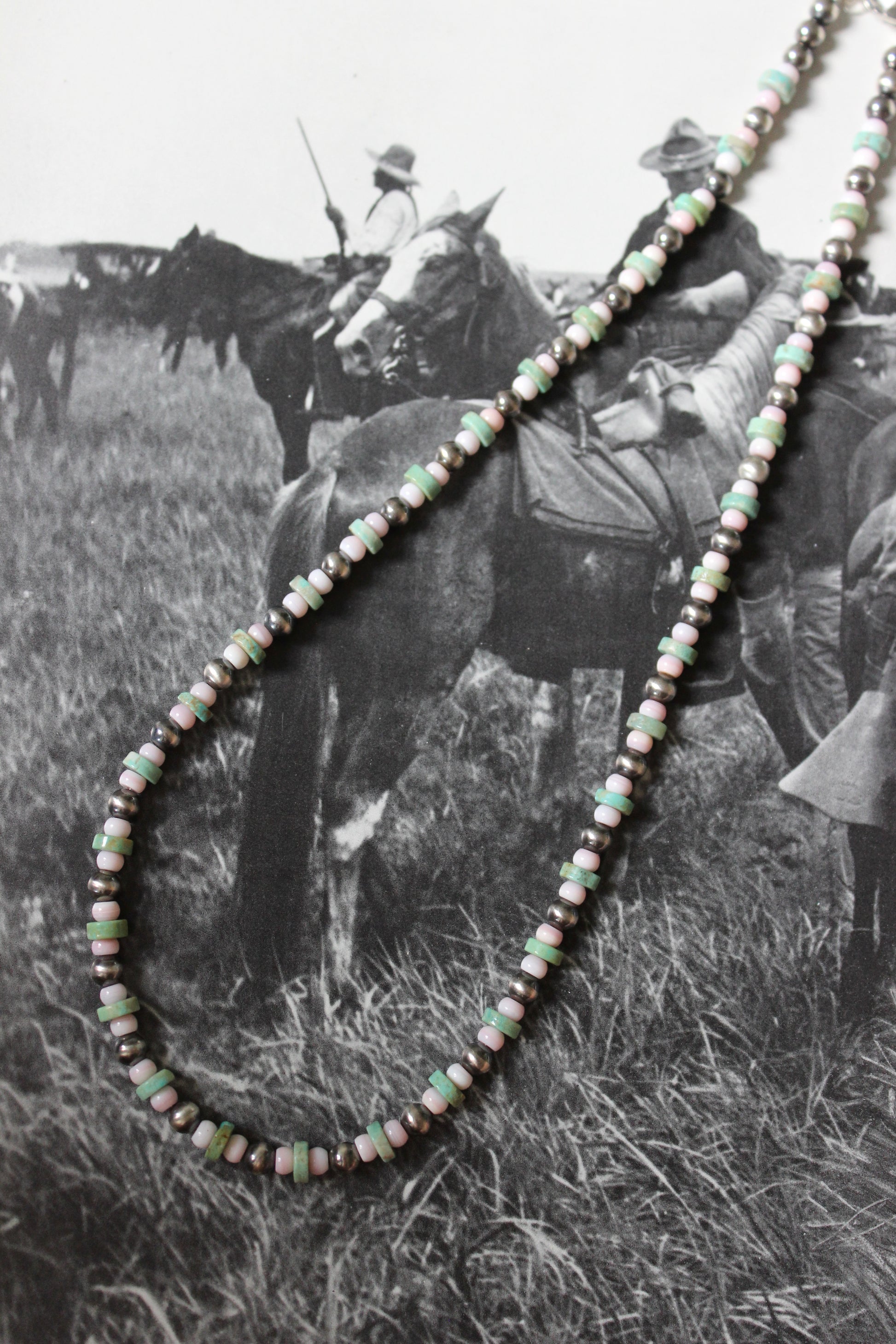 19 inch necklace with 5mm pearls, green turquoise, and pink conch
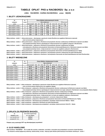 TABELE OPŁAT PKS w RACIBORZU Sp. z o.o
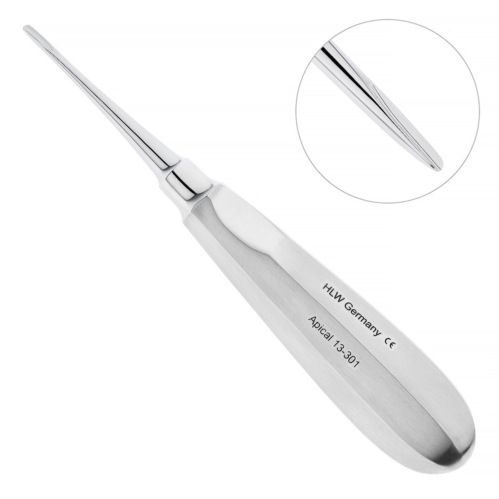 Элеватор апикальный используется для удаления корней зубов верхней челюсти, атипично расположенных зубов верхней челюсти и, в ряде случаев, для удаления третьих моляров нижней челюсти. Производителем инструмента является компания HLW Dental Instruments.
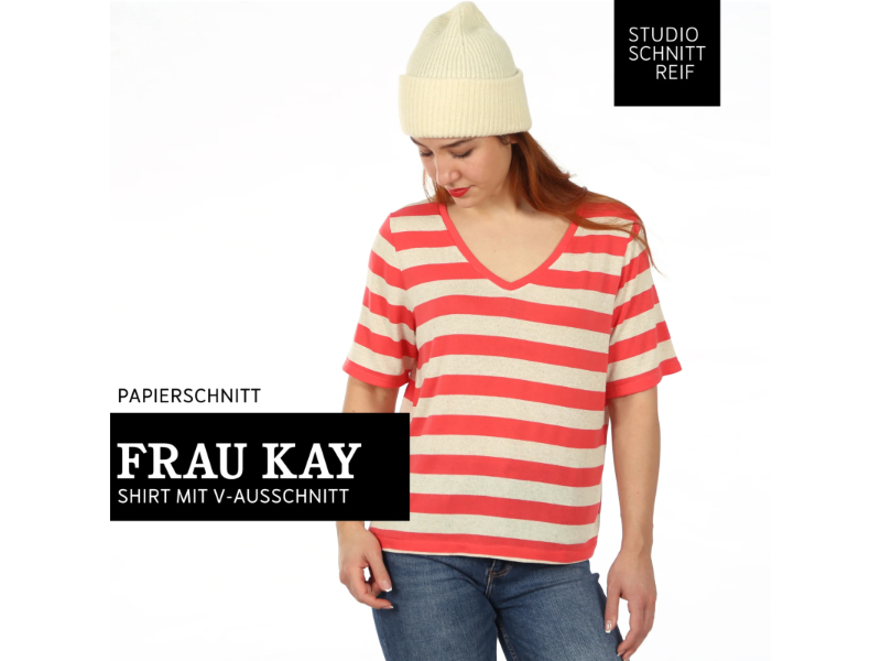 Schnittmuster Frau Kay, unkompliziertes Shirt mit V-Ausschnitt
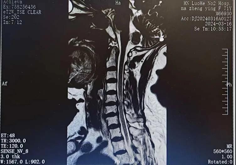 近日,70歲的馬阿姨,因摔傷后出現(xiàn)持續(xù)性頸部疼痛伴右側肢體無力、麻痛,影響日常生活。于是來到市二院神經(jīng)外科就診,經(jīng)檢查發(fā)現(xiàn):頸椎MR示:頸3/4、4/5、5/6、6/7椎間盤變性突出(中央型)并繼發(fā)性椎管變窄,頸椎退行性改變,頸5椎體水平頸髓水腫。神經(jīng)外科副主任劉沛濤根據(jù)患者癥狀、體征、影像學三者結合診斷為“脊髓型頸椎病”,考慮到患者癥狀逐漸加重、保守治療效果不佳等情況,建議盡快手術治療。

▬▬▬

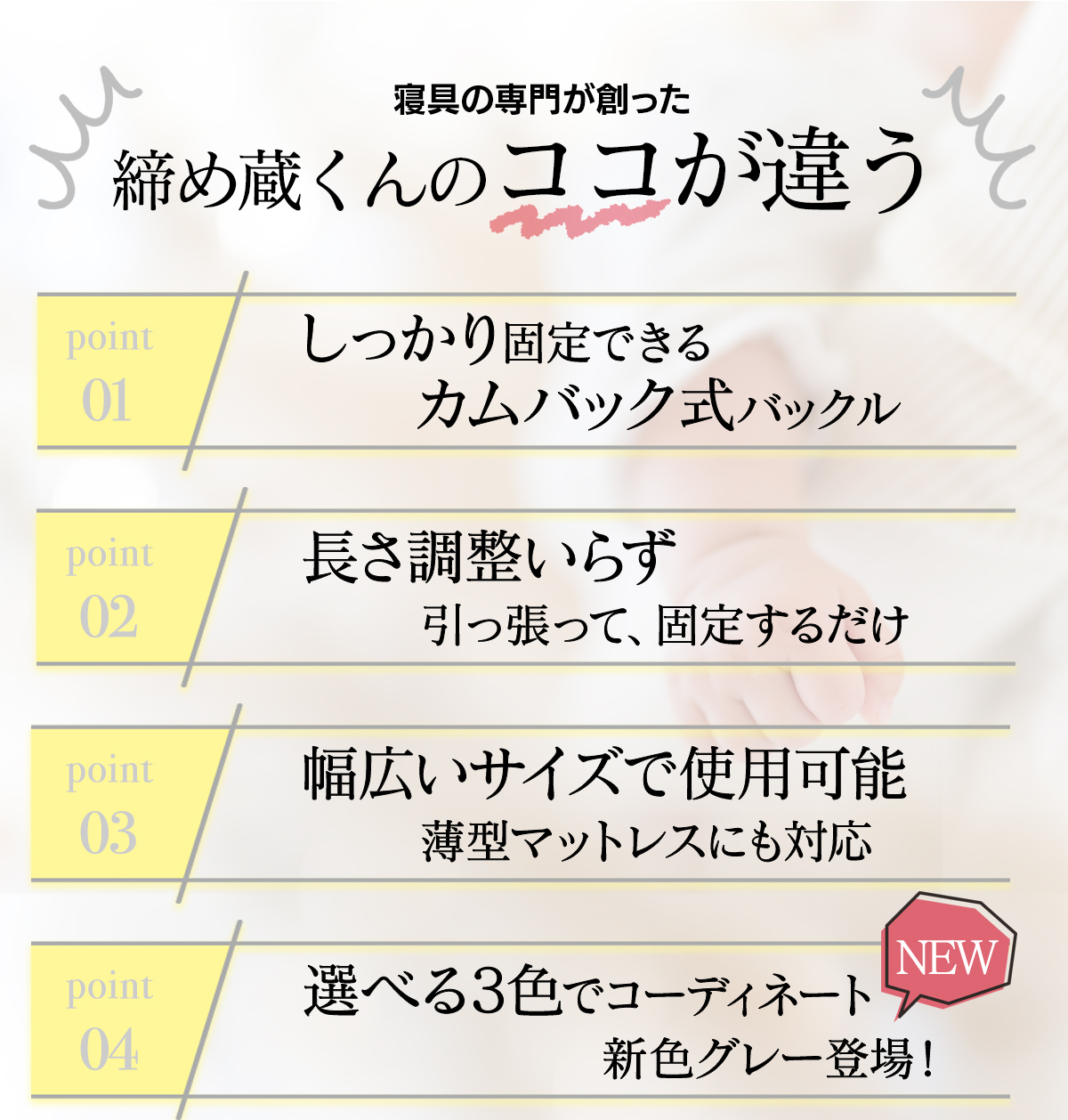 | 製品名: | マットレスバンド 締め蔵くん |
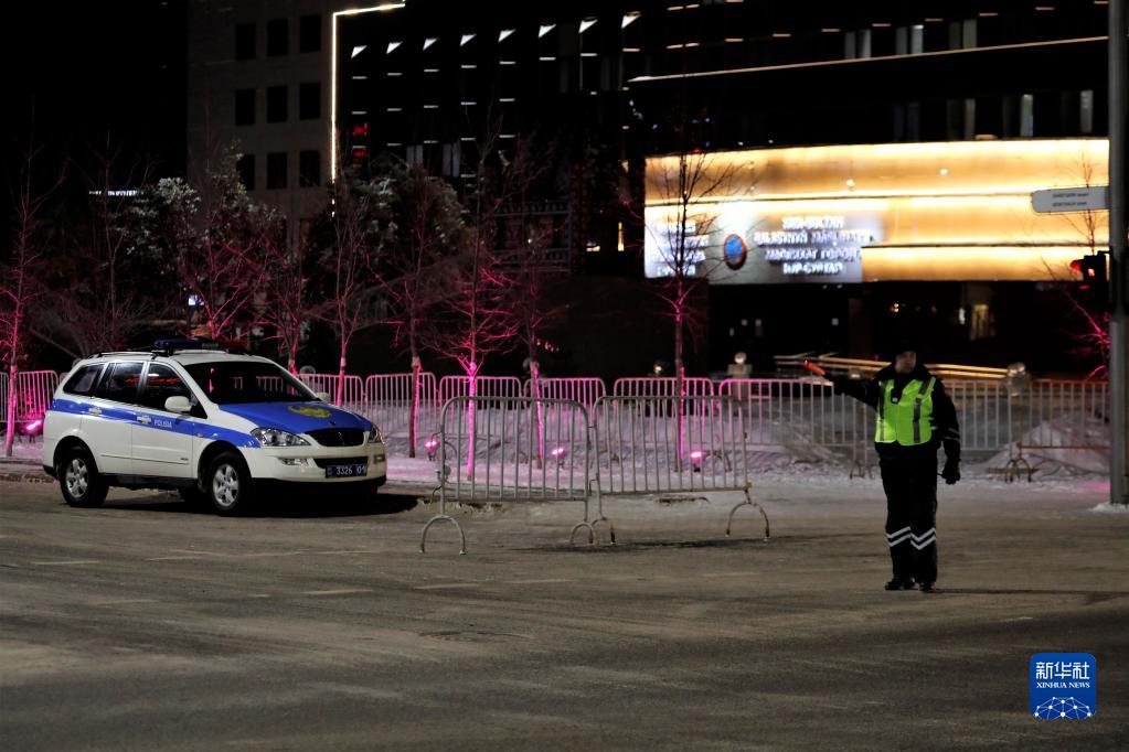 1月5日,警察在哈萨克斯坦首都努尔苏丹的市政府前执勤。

▬▬▬

_WORK INSTRUCTION_
Set the pictures aside and reproduce exactly the lines above, from the line holding "Schnittmuster Frau Kay, unkompliziertes" through the line holding "近日,70歲的馬阿姨,因摔傷", both included, with nothing else.

_ANSWER SECTION_
 Schnittmuster Frau Kay, unkompliziertes Shirt mit V-Ausschnitt
 近日,70歲的馬阿姨,因摔傷后出現(xiàn)持續(xù)性頸部疼痛伴右側肢體無力、麻痛,影響日常生活。于是來到市二院神經(jīng)外科就診,經(jīng)檢查發(fā)現(xiàn):頸椎MR示:頸3/4、4/5、5/6、6/7椎間盤變性突出(中央型)并繼發(fā)性椎管變窄,頸椎退行性改變,頸5椎體水平頸髓水腫。神經(jīng)外科副主任劉沛濤根據(jù)患者癥狀、體征、影像學三者結合診斷為“脊髓型頸椎病”,考慮到患者癥狀逐漸加重、保守治療效果不佳等情況,建議盡快手術治療。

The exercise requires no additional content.